Published in final edited form as: Kidney Int. 2016 May 6;90(2):389–395. doi: 10.1016/j.kint.2016.02.032

APOL1 renal-risk genotypes associate with longer hemodialysis survival in prevalent nondiabetic African American patients with end-stage renal disease

Lijun Ma 1,2, Carl D Langefeld 2,3, Mary E Comeau 2,3, Jason A Bonomo 4, Michael V Rocco 1, John M Burkart 1, Jasmin Divers 2,3, Nicholette D Palmer 2,4,5, Pamela J Hicks 4, Donald W Bowden 4,5, Janice P Lea 6, Jenna O Krisher 7, Margo J Clay 7, Barry I Freedman 1,2,5
PMCID: PMC4946964  NIHMSID: NIHMS773063  PMID: 27157696

Abstract

Relative to European Americans, evidence supports that African Americans with end-stage renal disease (ESRD) survive longer on dialysis. Renal-risk variants in the apolipoprotein L1 gene (APOL1), associated with non-diabetic nephropathy and less subclinical atherosclerosis, may contribute to dialysis outcomes. Here, APOL1 renal-risk variants were assessed for association with dialytic survival in 450 diabetic and 275 non-diabetic African American hemodialysis patients from Wake Forest and Emory School of Medicine outpatient facilities. Outcomes were provided by the ESRD Network 6-Southeastern Kidney Council Standardized Information Management System. Dates of death, receipt of a kidney transplant, and loss to follow-up were recorded.
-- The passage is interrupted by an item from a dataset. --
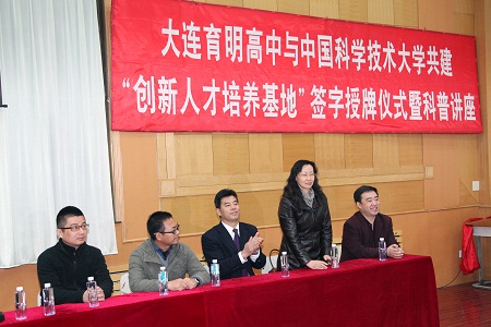 4月19日上午,中国科技大学招生办负责人和教授一行5人来到我校,与我校一起举行了大连育明高中与中国科技大学共建“创新人才培养基地”签字授牌仪式暨科普讲座。

Outcomes were censored at the date of transplantation or through July 1, 2015. Multivariable Cox proportional hazards models were computed separately in patients with non-diabetic and diabetic ESRD, adjusting for the covariates age, gender, comorbidities, ancestry, and presence of an arteriovenous fistula or graft at dialysis initiation. In non-diabetic ESRD, patients with two (vs. zero/one) APOL1 renal-risk variants had significantly longer dialysis survival (hazard ratio 0.57); a pattern not observed in patients with diabetes-associated ESRD (hazard ratio 1.29). Thus, two APOL1 renal-risk variants are associated with longer dialysis survival in African Americans without diabetes, potentially relating to presence of renal-limited disease or less atherosclerosis.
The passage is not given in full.